Monday, August 3, 2009

Did you miss me?

All right stop, collaborate and listen
Ice is back with a brand new invention

I hadn't heard VI in many moons, but a fellow law clerk, who clearly wishes it still was the 1990s, had it bangin' in his Subaru Legacy the other day (Sirius '90s on 9 channel if you want to queue it up) and it brought back a flood of memories. Actually, it was more like a moderate trickle of memories. What I remembered was that other than the stolen bass line that song was pretty terrible. And long, too, insufferably long. I also remembered when VI destroyed the set during the taping of 25 Lame, a show that is crying out to be released on DVD. I am actually getting close to just breaking down and buying a bootleg copy from someone online because the Youtube clips aren't enough. I think my memory of 25 Lame is actually funnier than it actually was, but not a week goes by that I don't think of it. (That was a sad sentence but nonetheless true!)

But before you think me some sort of sentimental sappy sod, I can explain why I am in such a contemplative mood. I am reading a biography of Ted Williams that is making me yearn for the past, when men were men (meaning they tended to spit on unruly fans) and baseball was baseball (meaning, I guess, that only white men were allowed to play it). (Speaking of Williams, read this. It is the greatest sports story ever written and seems to show that maybe everything was better in the past). However, I guess the noted poor driver William Joel may have been right when he said "the good old days weren't always good and tomorrow ain't as bad as it seems." That's the kind of seemingly deep yet totally pointless comment that could sell pop records back when I was a kid. Now, it's just booty-shaking, Autotune, and kooky Minnesotans dancing that moves product.

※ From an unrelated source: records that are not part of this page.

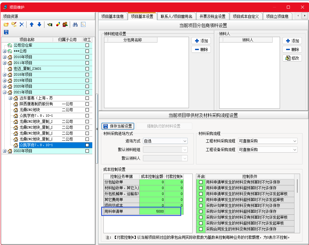 金石工程管理軟件新增用料申請(qǐng)控制功能
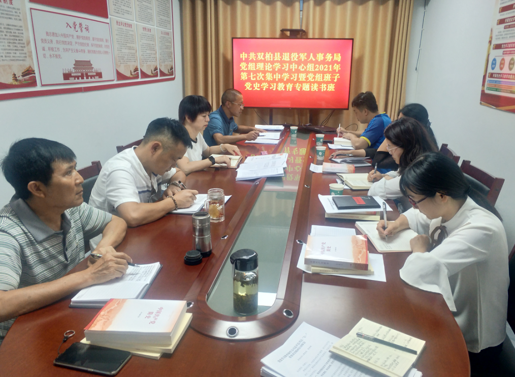 为深入学习贯彻习近平总书记关于学习党史重要论述和习近平总书记在庆祝中国共产党成立100周年大会上的重要讲话精神以及县委李长平书记在县委理论学习中心组第六次集中学习暨县委常委班子党史学习教育专题读书班上的动员讲话和专题辅导报告精神,推动党史学习教育走实走深,取得实效,引导党员干部进一步增强“四个意识”、坚定“四个自信”、做到“两个维护”。7月21日至22日,双柏县退役军人事务局举办党组理论学习中心组2021年第七次集中学习暨党组班子党史学习教育专题读书班学习教育活动,取得良好效果。
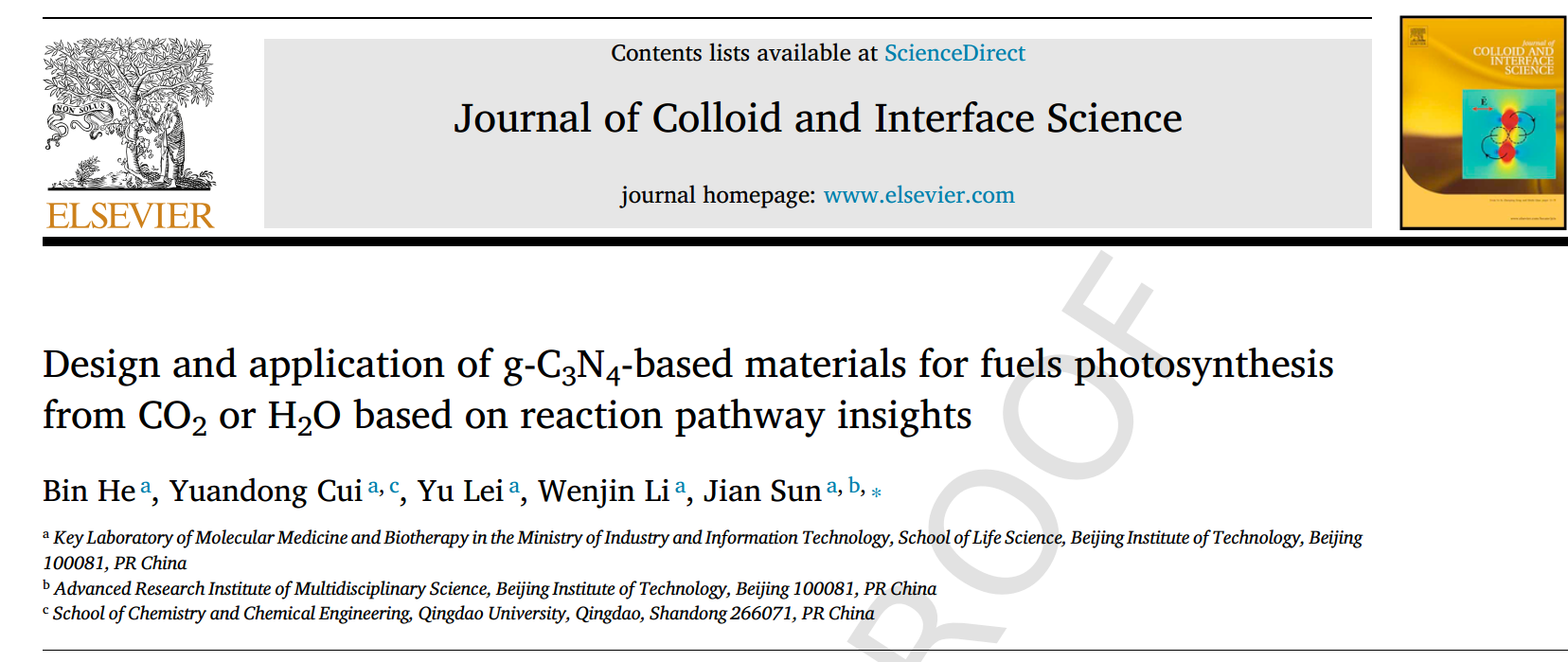 论文详情:Bin He, Yuandong Cui, Yu Lei, Wenjin Li, Jian Sun, Design and Application of g-C3N4-based Materials for Fuels Photosynthesis from CO2 or H2O Based on Reaction Pathway Insights. DOI:10.1016/j.jcis.2022.09.114.
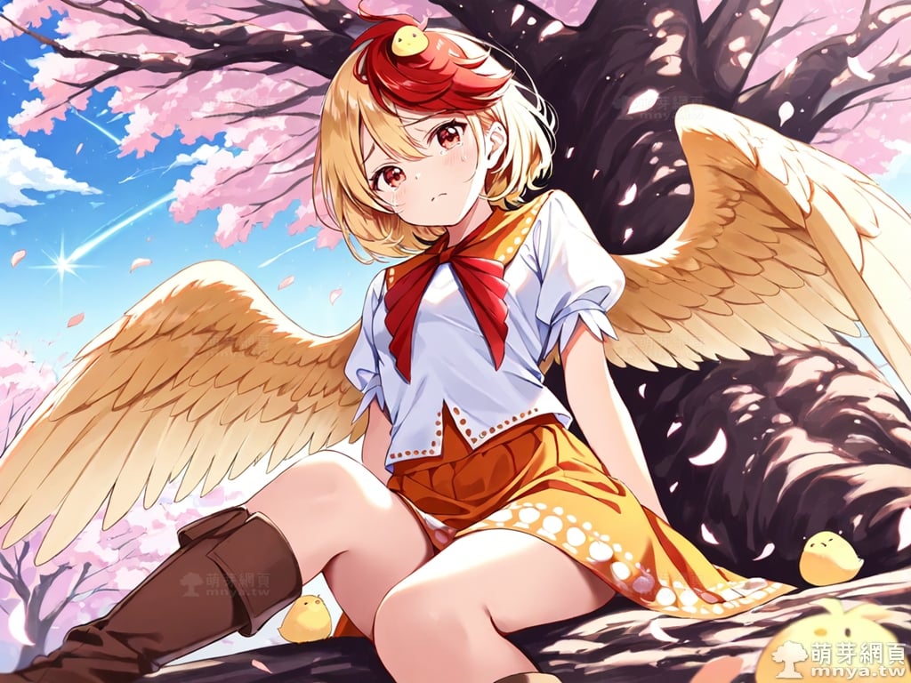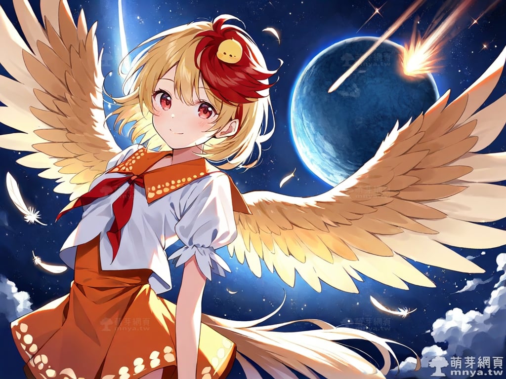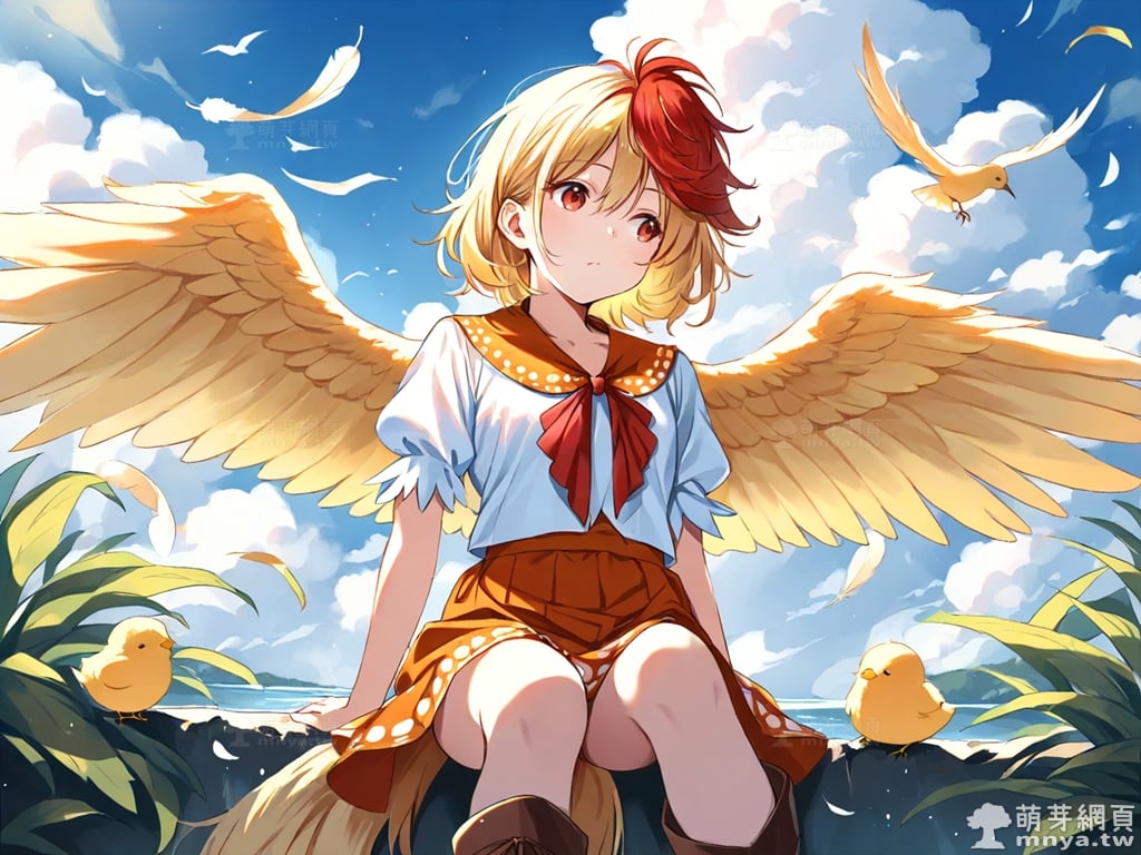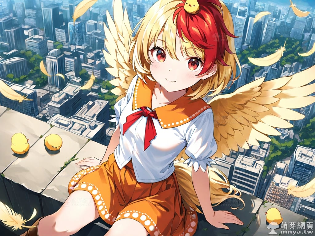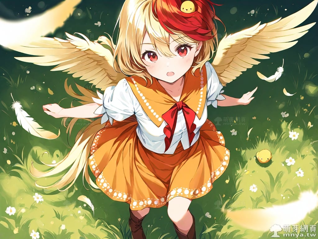 提詞文字:(masterpiece), (high quality), (high score), (great score), (year 2020), (kawaii), (loli), (photorealistic:0.1), 1girl, solo, (niwatari kutaka), touhou, __posture__, short hair, blonde hair, red hair, multicolored hair, two-tone hair, bangs, hair between eyes, red eyes, neckerchief, red neckerchief, wings, short sleeves, shirt, boots, brown footwear, white shirt, bird, on head, chick, puffy sleeves, animal on head, feathered wings, puffy short sleeves, orange skirt, skirt, yellow wings, bird wings, dress, feathers, sailor collar, bird tail, tail feathers, medium breasts, breasts, cowboy shot, __looking__, __expression__, __background__.
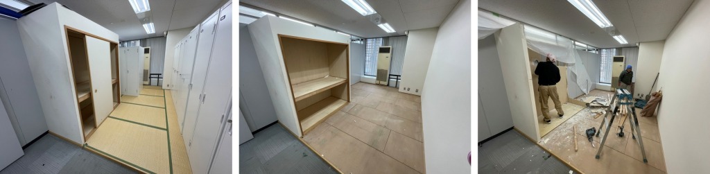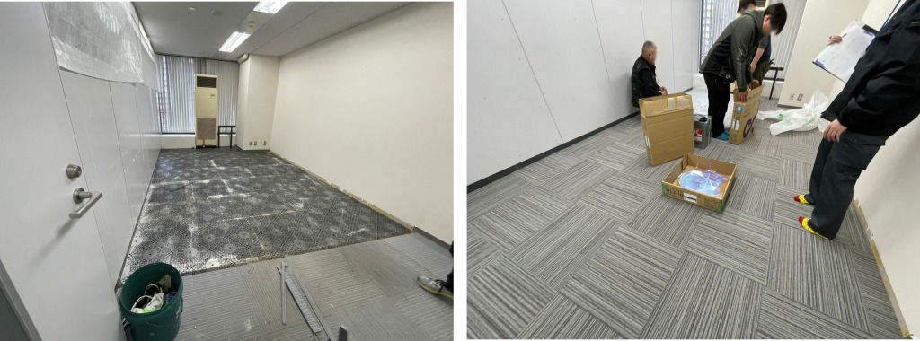 まず更衣室の改修では、畳や押入を撤去し、タイルカーペットを敷設することで、清潔感と快適性のある空間へと生まれ変わらせました。
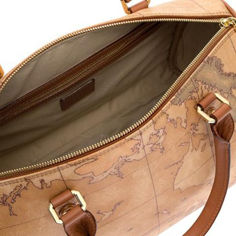 Borsa a bauletto in tessuto stampato con cartina geografica Geo Classic con manici tubolari in pelle color cuoio, metalleria con logo 1AClasse e finiture in oro, chiusura con zip. Presenta i dettagli accurati e le rifiniture preziose tipiche del Made in Italy. Capiente e versatile, saprà adattarsi con stile a tutti i tuoi look.
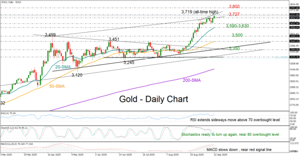 Gold started the week on positive note, edging softly up to unlock a new record high of 3,719 thanks to Friday’s quick rebound near the 3,630 support area.
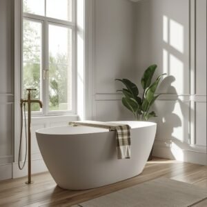 Keep the rest of the bathroom very intentionally simple when you have a freestanding tub as the hero. A pared-back vanity, a simple frameless mirror, a floor-mounted freestanding tap in brushed brass or polished chrome — these are all the supporting characters need. Do not over-decorate around the tub. A simple wooden bath tray with a candle, a book, and a small glass of water is enough. A fluffy bath mat in natural cotton placed in front of the tub and a single large plant like a fiddle leaf fig or monstera in the corner add life and softness. The whole effect should feel like a personal spa that is quietly beautiful and completely calming.
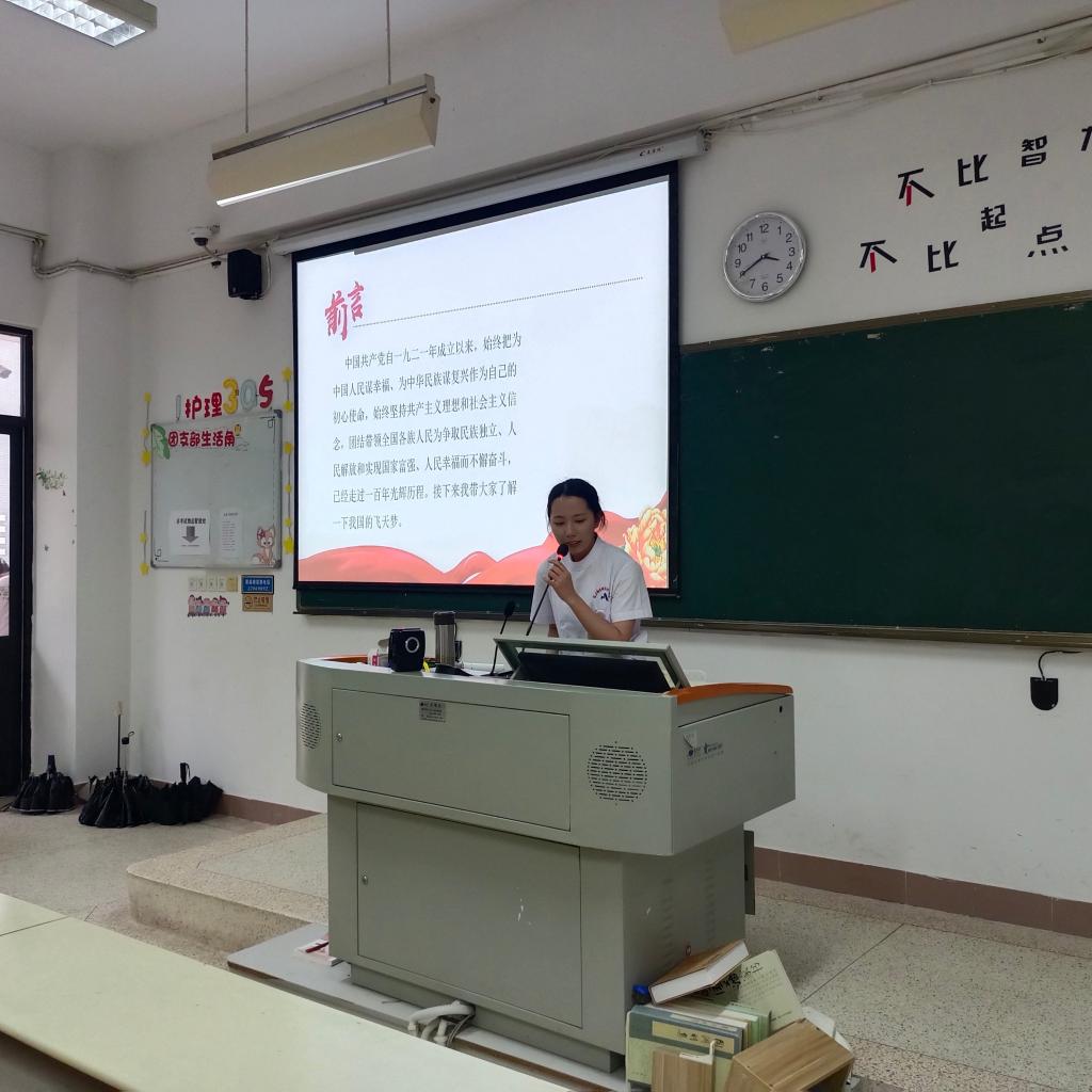 本次宣讲的是江丽清和陈可欣小组,宣讲人江丽清同学,宣讲主题是中国梦航天梦。江丽清从介绍了中国古人对天空的奇思妙想,再到万户火箭飞行的大胆尝试,从世界上第一颗人造卫星对我国航天事业的激励,再到我国东方红一号的成功发射,演绎了我国人民怀揣不懈追求的航天梦,敢于战胜一切艰难险阻,勇于攀登航天科技高峰的载人航天精神。雄关漫道真如铁,而今迈步从头越。江丽清说:“探索浩瀚宇宙,发展航天事业,建设航天强国,是我们不懈追求的航天梦。”

If you can't tell, I have no idea what is going on in the world these days. I move in a bubble of unimportance that I pretend is important. And that is really what I wanted to talk about. Recently, I attended a hearing with a real live prisoner in a real orange jumpsuit and real arm and leg shackles. I attended this hearing to see this person because much of my time lately has been working in an effort to keep said person in said jumpsuit. Said person clearly did not understand why I was at his hearing and probably was not happy to have me there. But I wanted to be there to recognize that what I was doing was having an impact. Obviously, such a situation can lead to some conflicting feelings. I don't really know if said person belongs in that jumpsuit. I know what I have been told. I know what I read in reports. But it is something a little bit different to see the effect on the actual person and the effect on his or her family. I often say that staying in the office, poring over books and never seeing the light of day is fine with me (can a person's skin get more untanned than absolute white? Of course not, it's an impossibility!). But sometimes you have to face what you are doing. Not because it is supposed to make you feel bad about it or that you are doing the wrong thing, but to keep you focused on how important it is so that you do only what you know is right and truthful.

When Chief Justice John Roberts was on campus this year he was asked if he lost sleep over all of the petitions he gets from prisoners on death row. He frankly admitted that if he did lose sleep over them he wouldn't ever get any sleep. This is true. He said he simply took every one seriously, made his best decision, and then moved on. If he didn't move on, he wouldn't get to live his own life. I think he was absolutely right, but the trick is to take each one seriously even after receiving them over and over again. I am far too green to take anything lightly, but I know that attending that hearing simply reinforced the need for focus.

I meant for this entry to be lighthearted. Honestly, the only thing that keeps this blog from being the bleakest on the Interwebs is that I post so rarely. I don't mean to be spend every day of my life as Mopes the Sad Clown or some sort of martyr who has the weight of the world on his shoulders. I guess I just take this stuff seriously, for now, at least. My current fear level is at orange at all times, although it is inching toward red since I am less than one year from the bar exam. By then I don't think I'll have any fingernails left, maybe no fingers at all. The seriousness will be like Schindler's List in Darfur. No, I won't expect you to talk to me. I wouldn't talk to me either.

So I'm going to post this, even though it is of questionable value and makes me seem like a possible danger to myself and others. But when it's not basketball season there is not much for me to write about. Well, some of my readers don't want the basketball anyway. I can't think they would like this better, but we'll see I guess. Well, that's all for now.